I mentioned this in Raul's polishing thread, but for your first cut try a coarse cotton wheel (Optional) and black emery compound. The black compound it the most coarse and is good for initial cut. I start with the black, then go to Tripoli brown, and finish with White Rouge (white stick). I do a final hand buff with Simichrome and an old flannel shirt (I'm afraid my grunge rock days are over..).
Hope this helps!
(Edit: I re-posted the guide to polishing compounds here:)
Emery Cake: Contains an emery abrasive, providing a sharp, fast cutting action for removal of rust or scale from iron, steel, or other metals.
Tripoli Brown: Brown compound for buffing aluminum, pewter, brass, copper, wood, bone, plastics, painted, and other soft surfaces.

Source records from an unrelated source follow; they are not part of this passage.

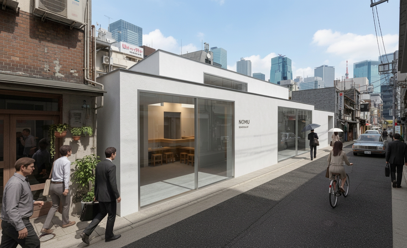 Located on a narrow street in Tokyo, NOMU Degustation Bar presents a minimalist white façade that contrasts with the visually dense urban surroundings. This stark exterior is designed to signal a transition from the chaotic city to a calm interior space.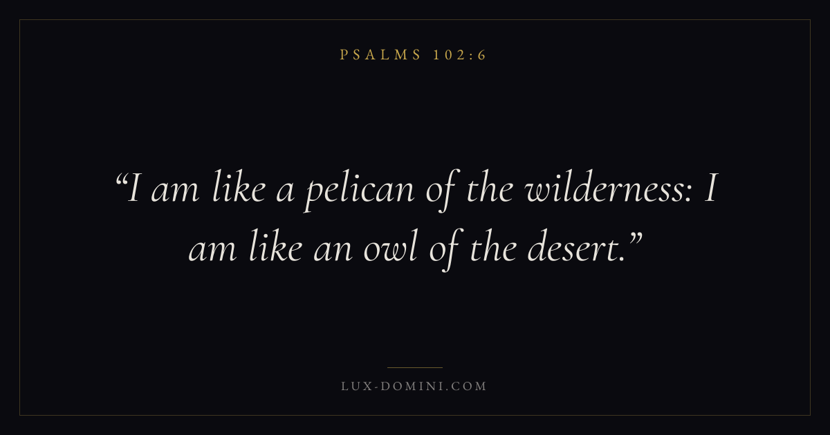 Books / Psalms / Chapter 102 / Verse 6 ← Psalms 102:5 Psalms 102:6 Psalms 102:7 → I am like a pelican of the wilderness: I am like an owl of the desert. Download verse card Share on Twitter Share on Facebook Pin it ✦ Key themes FaithSuffering and trialsPrayerTruthPraise Read with Hebrews 11:1Romans 10:17Romans 8:182 Corinthians 4:17 Related topics Bible verses about faithBible verses about suffering and trialsBible verses about prayerBible verses about truthBible verses about thankfulness and gratitude ✦ Psalms Chapter 102 verses V. 1 V. 2 V. 3 V. 4 V. 5 V. 6 V. 7 V. 8 V. 9 V. 10 V. 11 V. 12 V. 13 V. 14 V. 15 V. 16 V. 17 V. 18 V. 19 V. 20 V. 21 V. 22 V. 23 V. 24 V. 25 V. 26 V. 27 V. 28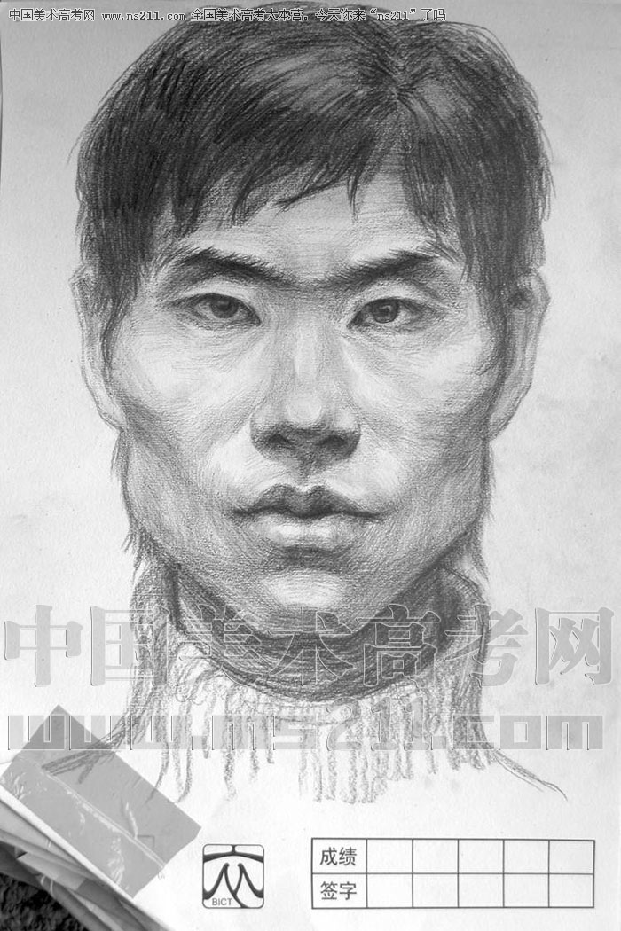 2004年北京服裝學院美術高考優(yōu)秀試卷(第1套素描默寫:正面男青年)2007110319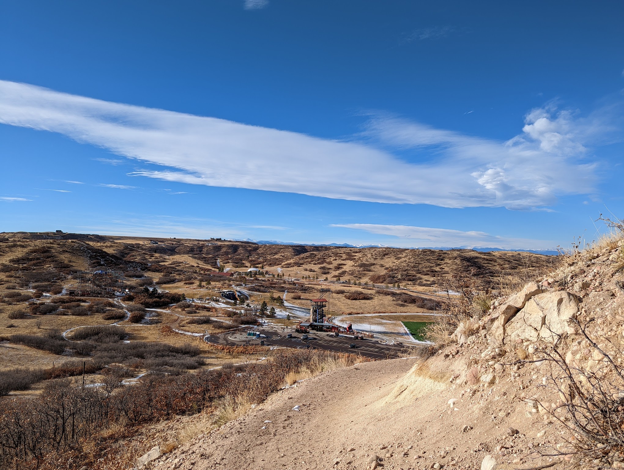 Very cool park. Looks like GREAT fun for kids.. I wanted to play on most of the stuff they have for kids! But nice hiking trails, if kinda basic except for the small mountain u can climb& overlook all of castle rock. That is def different. Easy to get to from interstate. And they have a huge indoor area which I honestly didn't check out but looks likev an indoor park for kids? Park worth checking out if ur driving by heading to it from Denver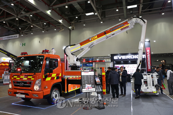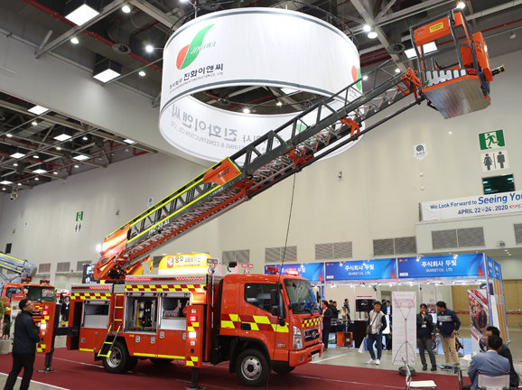 소형 소방사다리차가 시장에서 얼마나 많은 관심을 받고 있는지는 이번 박람회를 통해 재확인할 수 있었다. 소방차량을 제조하는 대다수 기업이 자사 기술력을 집약한 소형 소방사다리차를 소개했다.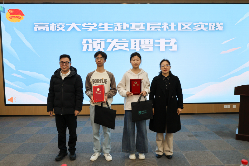 顾秋亮创新班王珂和云商创新班冉然两位同学获颁无锡经济开发区首任“社区青年干事”聘书和社区大礼包,他们将在未来一年内积极投身社区实践、服务居民。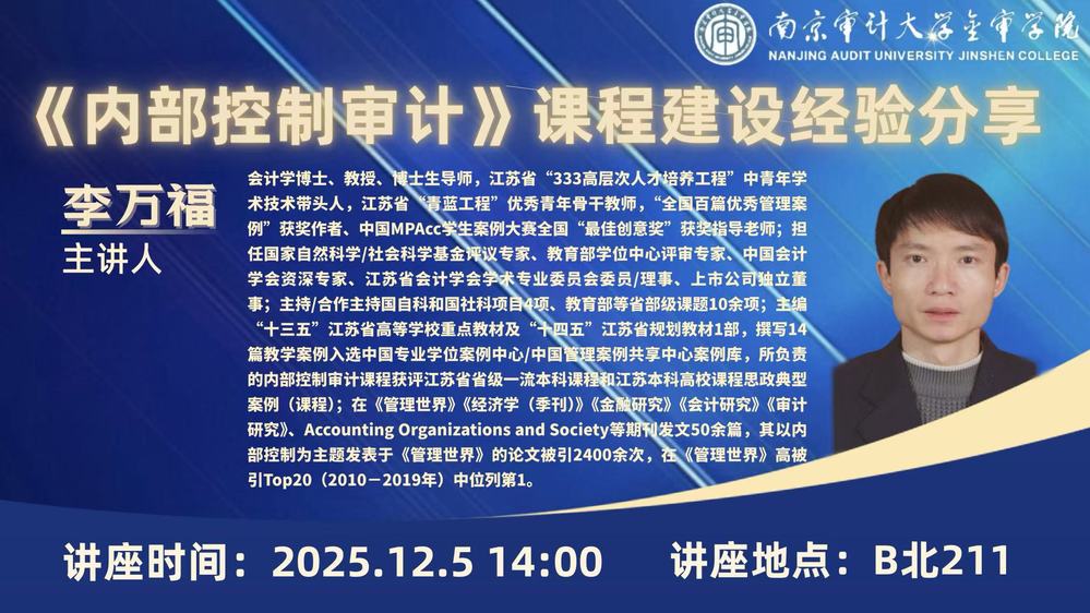 讲座预告 | 《内部控制审计》课程建设经验分享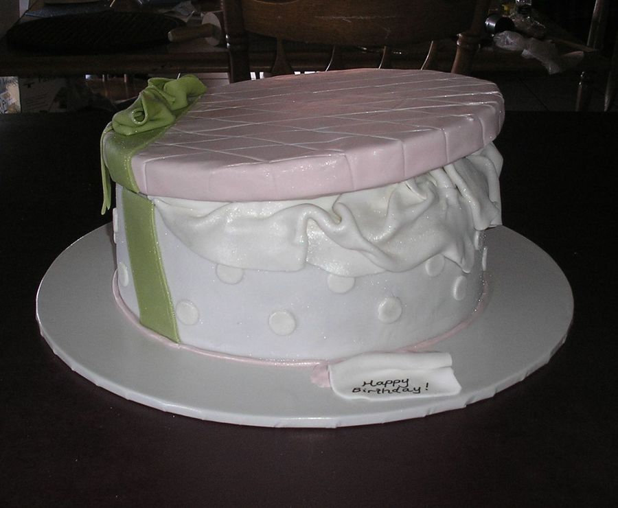 first attempt at a hat box. I made the bow very last minute and it didnt have time to dry, hence why it is totally wilted! I stacked a smaller hat box with a gumpaste shoe on top of this box also.

Red Rouge: Red compound for initial buffing, cleaning for a bright luster on silver plated, gold, sterling and other precious metals.
White Rouge: White rouge buffing compound gives a bright, shiny luster to stainless steel, aluminum, iron, chrome and nickel surfaces.
Green Rouge: Green buffing compound for fine color buffing and light cleaning on all classes of metals. Produces a bright lustrous buffed surface.
Blue Rouge: Blue buffing compound for final high-luster color buffing on gold, silver, sterling, platinum, and other precious metals. Produces a bright, lustrous buffed surface.